Geopolymers made from waste glass sand have higher strength and lower water absorption than those made from natural river sand, whereas lead smelter slag (LSS)-based geopolymers have lower drying shrinkage than geopolymers made from natural river sand.
Natural fibers such as sisal, ramie, coir, hemp, jute, and bamboo were also used in the experiments.
The new Australian-led research contributes to global efforts to reduce the environmental effect of the production of conventional building materials and the volume of waste that goes to landfill. The study was published in the journal Construction and Building Materials.
With concrete, we can not only recycle huge volumes of industrial by-products and waste materials, including concrete aggregates, to improve the mechanical and durability properties of concrete, but also use alternative eco-friendly natural fibers which otherwise would not be used constructively.

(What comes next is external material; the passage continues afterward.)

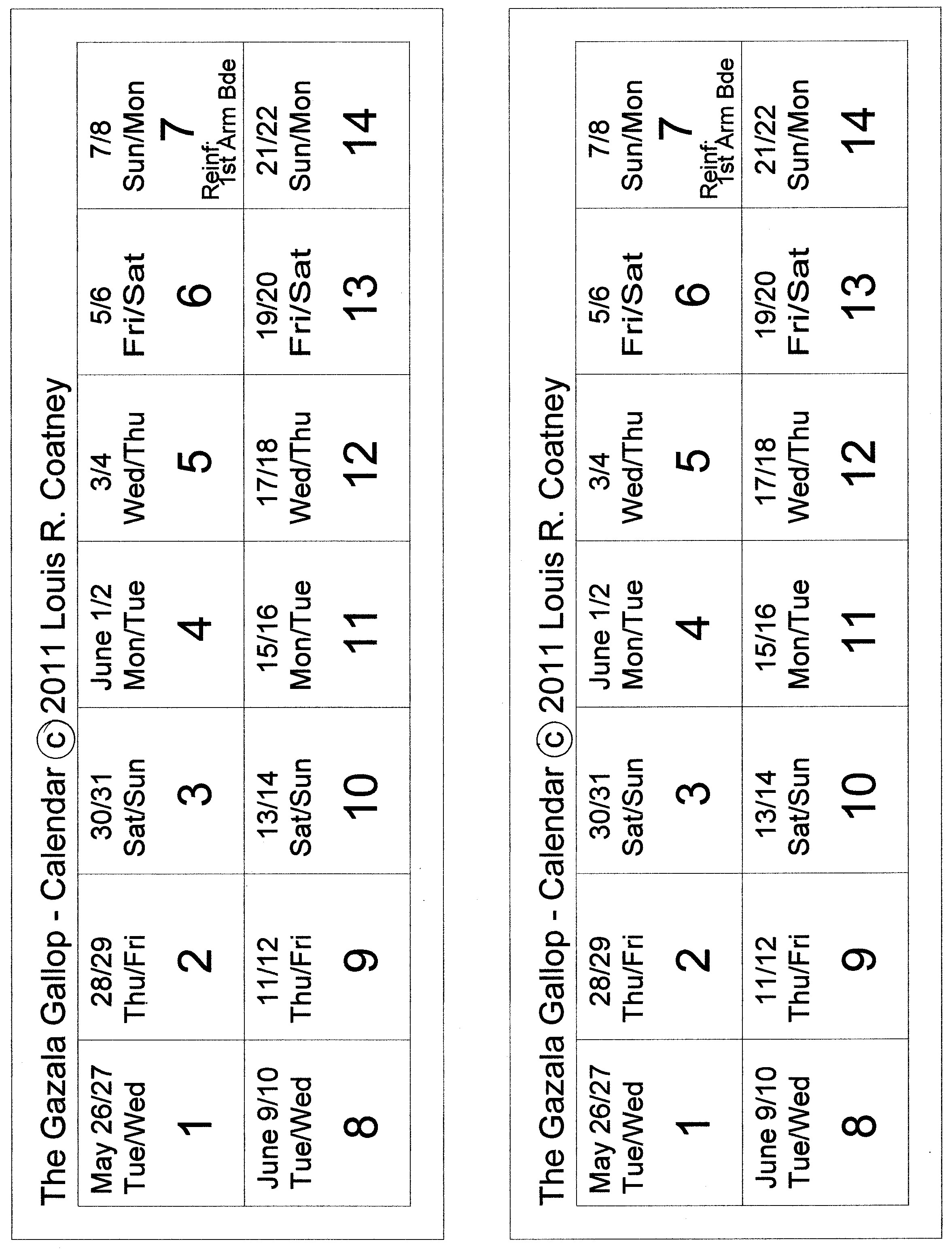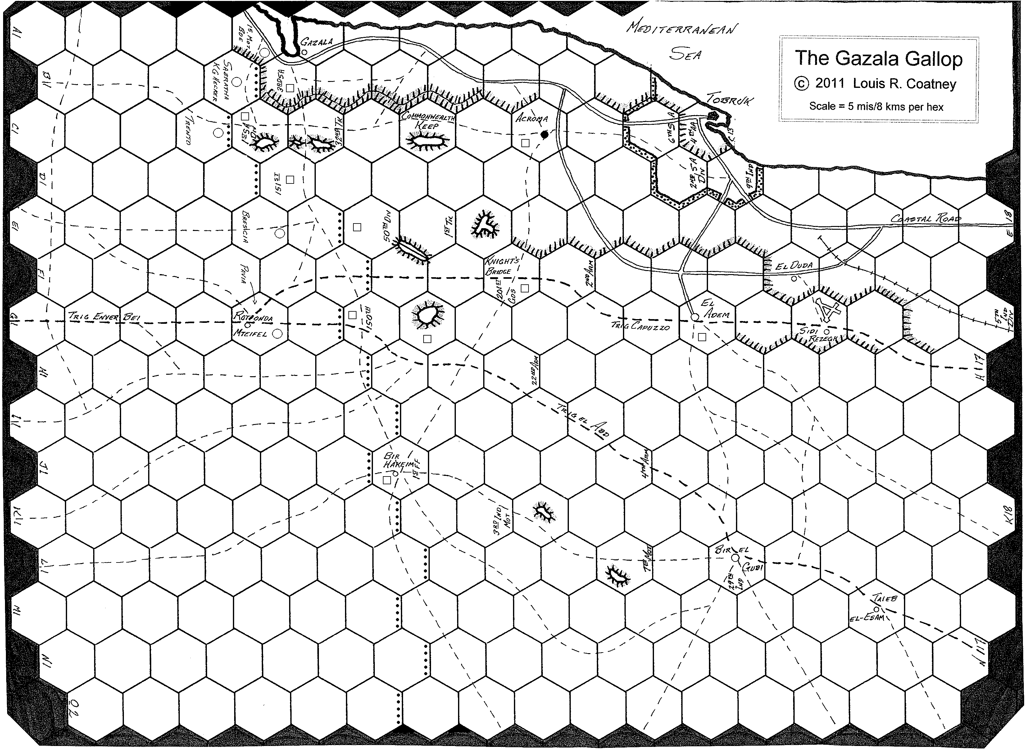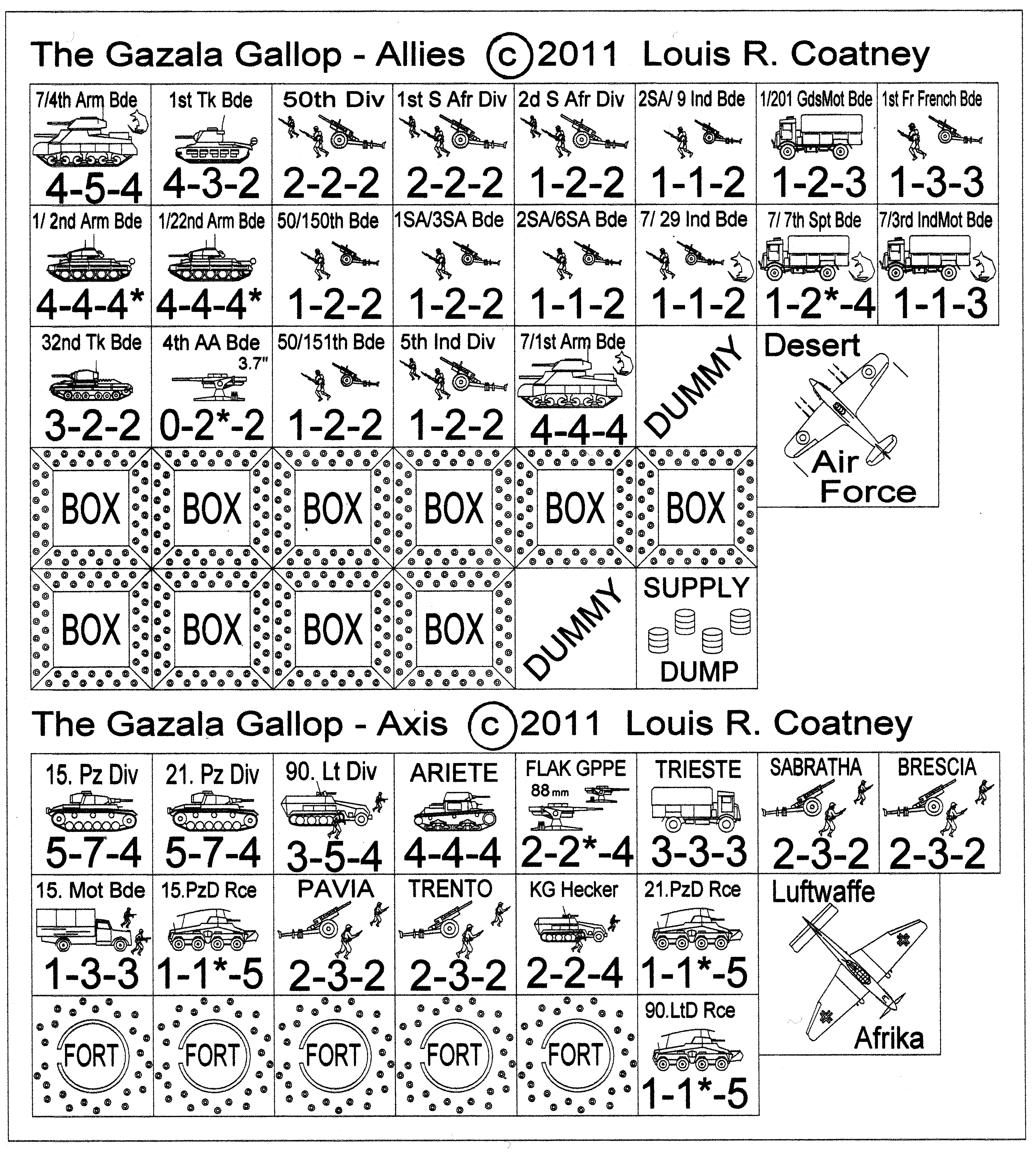 And now: Here are THE GAZALA GALLOP's components, to print off and assemble so that it may be played. Players-students will also need a single six-sided die (or chits numbered 1-6, to be drawn out of a hat) for the randomized combat results tables.

Dr. Aliakbar Gholampour, Civil and Structural Engineering, Researcher, Flinders University
Dr. Gholampour adds, “This research will also look to design mixes of recycled coarse aggregates and other types of cellulosic fibers including water paper, for different construction and building applications. We also plan to investigate their application in construction 3D printing for the future.”
Gholampour, A., et al. (2022) Mechanical and durability properties of natural fiber-reinforced geopolymers containing lead smelter slag and waste glass sand. Construction and Building Materials. doi.org/10.1016/j.conbuildmat.2022.129043.